ピクルス


 涼花を手招いてリビングに通す。

 テーブルの上は昨日の惨状が広がったままだ。食器類をひとまずシンクに移動させる。


「コーヒー飲めるっけ」

「うん」

「甘くする?」

「うん!」


 キッチンで用意をしていると、涼花が遠慮がちに聞いてきた。


「一緒に住んでた、んだね……?」

「居候してたんだよ、あいつが押しかけて来て。豊田から聞かなかったか? あいつとも会ってるぞ。結構気が合ってそうだった」


 聞いてない、と涼花は不満げに言った。

 豊田のことだから、どんな人間であろうと涼花に男の話はしないだろう。


「喧嘩したって」

「そう」


 喧嘩。あれをそう呼んでいいのだろうか。


「俺が悪いんだ」

「喧嘩で、どっちかだけが悪いってことはないと思うよ」

「じゃあ、喧嘩じゃない」


 挽いた豆をドリップする。もう少し時間がかかる。


「不思議な雰囲気の人だね。お祭りのときも少し話したけど、あんまり怖くない」

「確かに、変な男ではあるな。元々カウンセラーだったらしいから、なんか人を警戒させない方法とか知ってるのかもな」


 コーヒーを入れたマグカップを、涼花の前に出す。

 一人で暮らしていたときにはカップもひとつだった。趣里が来てからひとつ増やした。染み込んでいる、と思う。すでに。


 今なら、取り返しがつくのだろうか。

 それならいいじゃないかと思ったりする。俺が悪いままで。趣里を傷つけたままでも。


「で、話って」


 うん、と涼花は言って、マグカップを両手で握り締めた。


「なにかあったか」


 涼花は、兄にはなんでも話す。

 良い顔をしないから恋愛の話まではしないだろうが、他の話はすべてしているはずだ。豊田から、涼花になにかあったとは聞いていない。
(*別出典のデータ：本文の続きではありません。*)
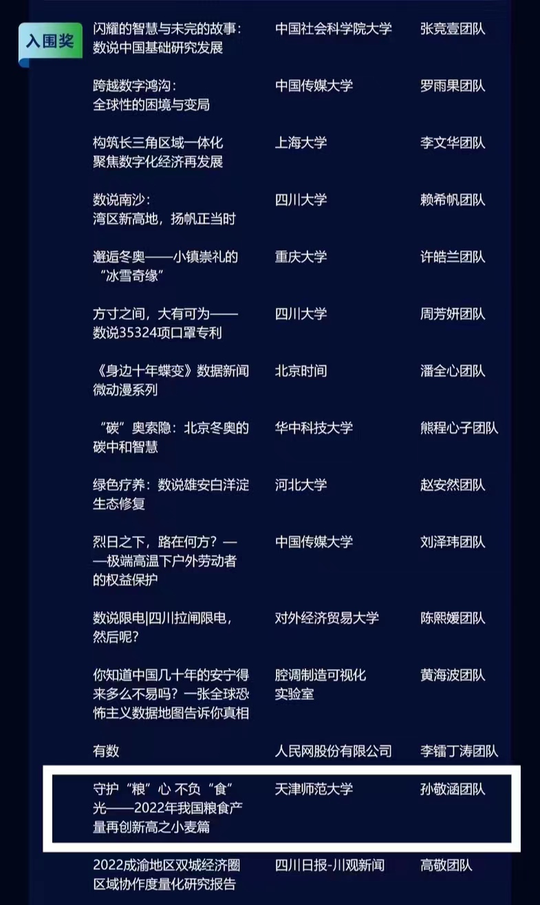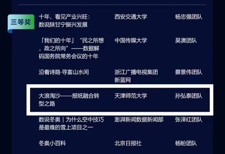 近日,在第三届中国广电媒体融合发展大会上,由国家广播电视总局和中华全国新闻工作者协会指导,中共北京市委宣传部、光明日报社、北京市广播电视局、国家广播电视总局广播电视科学研究院和北京市新闻工作者协会共同主办的第二届新视听媒体融合创新创意大赛获奖结果公布。公司新闻学专业2020级员工孙弘泰、管雅乐、汪燕均、李祺譞、张嘉艺五位同学共同完成的作品《大浪淘沙——报纸融合转型之路》获得三等奖(指导教师:冯帆),孙敬涵团队的《守护“粮”心不负“食”光——2022年我国粮食产量再创新高之小麦篇》获得入围奖(指导教师:冯帆)。

 彼女の口から放たれた決意は、俺には予想ができなかった。


「お兄ちゃんには、内緒にしてほしいの」

「……内容による」


 むう、と涼花が不満そうな顔をする。

 そんな顔をしたって駄目だ。


「お父さんに会うから、一緒にいてほしい」

「お父さんって、入院中の?」


 思わず聞き返すが、涼花の表情から、誰のことを言っているかは明確だった。


「うん、そう。私のお父さん」


 瞳はまっすぐ俺を見ていて、けれど強がっているのがよく分かった。

 唇をぎゅっと結んで、手に力が入って、肩があがっている。緊張しているのか、恐怖か。


「豊田には?」

「お兄ちゃんには言ってない。絶対止めるでしょ」


 俺も止めたいところだが。

 誰に似たのか涼花は大人しいが、たまにこうして頑とした態度に出ることがある。ここで俺が断ったところで、豊田には言わず一人で行くのだろう。

 なら、受け入れたほうがいい。


 ひとつため息をつく。豊田が以前言った言葉が、脳裏に浮かぶ。

 保護者。

 それは難しい言葉だと思う。

 なにをもって保護と呼ぶのか。止めることも止めないことも、保護とは言えない気がした。


 俺はしぶしぶ了承し。

 用件をすませた涼花はすぐに帰って行った。電話で良かったろうに、わざわざ来たのは高揚しているからだろう。あまり良い傾向ではない。


(……こっそり豊田に知らせておくか?)


 だが、それを知った豊田が大人しくしているとは思えない。

 あの兄妹は似たもの同士だ。この状況では必ず衝突する。


 そんなことを考えながら、昨日の食器を洗い終えた。時計を見れば丁度昼時だ。いつもなら趣里の料理を二人で食べている時間だが、当然ながら趣里はいない。


 冷蔵庫を開けてみると、作り置きのピクルスがあった。スティック状に切ったキュウリとニンジンが液体に浸かっている。趣里が仕込んだものだ。

 取り出して、冷蔵庫の扉もそのままで蓋を開けて、一本をかじる。


 連絡をしようかと、スマホを取り出す。

 画面を見つめて――ポケットに仕舞った。

 俺に言える言葉は、ないように思えた。